§ DESCRIPTION OF THE TASK
Wherever pictures appear in the listing below, leave them out, and copy exactly, and only, everything from the line with "Querschnitt der Aufstockung" down to the line with "5. 微型石片H209② : 28".

§ ENTRIES PROVIDED
----------

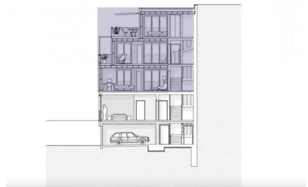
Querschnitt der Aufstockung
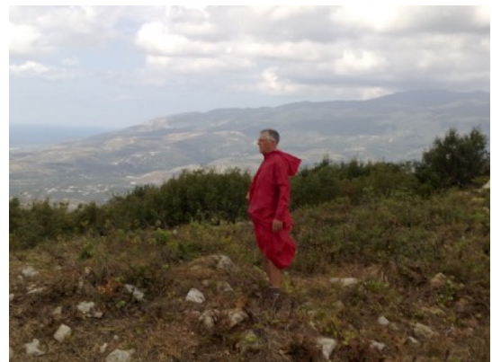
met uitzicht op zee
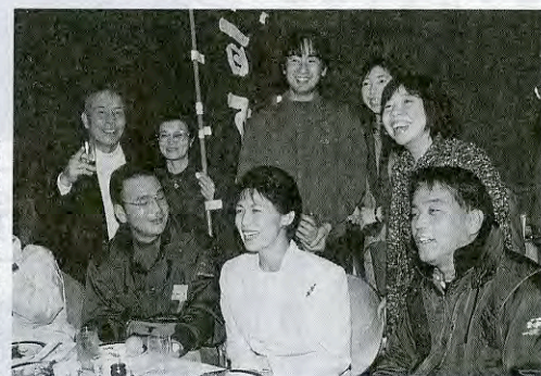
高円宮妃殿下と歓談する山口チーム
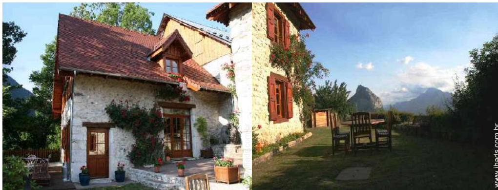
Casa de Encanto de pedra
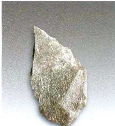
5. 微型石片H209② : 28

----------

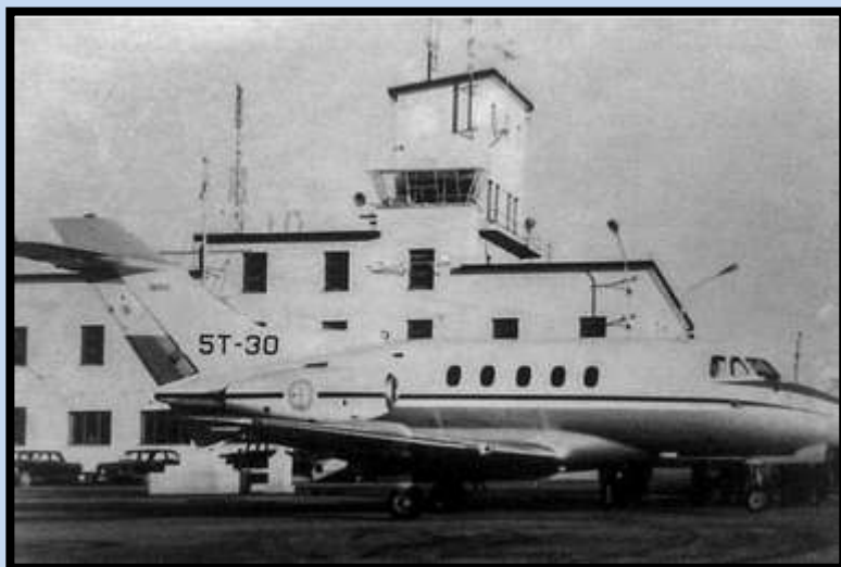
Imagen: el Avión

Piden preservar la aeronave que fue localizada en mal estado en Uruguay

----------

§ ANSWER BELOW
Querschnitt der Aufstockung
met uitzicht op zee
高円宮妃殿下と歓談する山口チーム
Casa de Encanto de pedra
5. 微型石片H209② : 28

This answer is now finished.